A) Principles of Consolidation: The consolidated financial statements include the accounts of our majority-owned subsidiaries and partnerships controlled by us or our subsidiaries as the managing general partner. All significant intercompany accounts and transactions have been eliminated.

Revenue Recognition
Provision For Doubtful Accounts

C) Provision for Doubtful Accounts: Collection of receivables from third-party payers and patients is our primary source of cash and is critical to our operating performance. Our primary collection risks relate to uninsured patients and the portion of the bill which is the patient's responsibility, primarily co-payments and deductibles. We estimate our provisions for doubtful accounts based on general factors such as payer mix, the agings of the receivables and historical collection experience. We routinely review accounts receivable balances in conjunction with these factors and other economic conditions which might ultimately affect the collectability of the patient accounts and make adjustments to our allowances as warranted. At our acute care hospitals, third party liability accounts are pursued until all payment and adjustments are posted to the patient account. For those accounts with a patient balance after third party liability is finalized or accounts for uninsured patients, the patient receives statements and collection letters. Patients that express an inability to pay are reviewed for potential sources of financial assistance including our charity care policy. If the patient is deemed unwilling to pay, the account is written-off as bad debt and transferred to an outside collection agency for additional collection effort.

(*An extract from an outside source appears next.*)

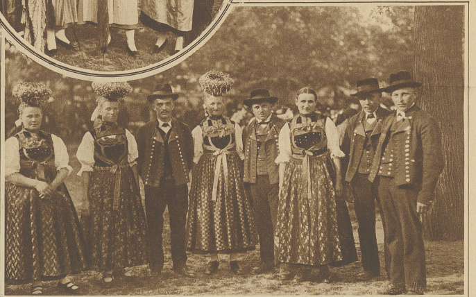
Aus dem Drei-Länder-Trachtenfest in Basel

Uninsured patients that do not qualify as charity patients are extended an uninsured discount of at least 20% of total charges. During the collection process the hospital establishes a partial reserve in the allowance for doubtful accounts for self-pay balances outstanding for greater than 60 days from the date of discharge. All self-pay accounts at the hospital level are fully reserved if they have been outstanding for greater than 90 days from the date of discharge. Third party liability accounts are fully reserved in the allowance for doubtful accounts when the balance ages past 180 days from the date of discharge. Potential charity accounts are fully reserved when it is determined the patient may be unable to pay.

As of December 31, 2011, our accounts receivable includes $54 million due from Illinois, the collection of which has been delayed due to budgetary and funding pressures experienced by the state. Although approximately $41 million of the receivables due from Illinois have been outstanding in excess of 60 days (as of December 31, 2011), and a large portion will likely remain outstanding for the foreseeable future, we expect to eventually collect all amounts due to us and therefore no related reserves have been established in our consolidated financial statements. However, we can provide no assurance that we will eventually collect all amounts due to us from Illinois. Failure to ultimately collect all outstanding amounts due from Illinois would have an adverse impact on our future consolidated results of operations and cash flows.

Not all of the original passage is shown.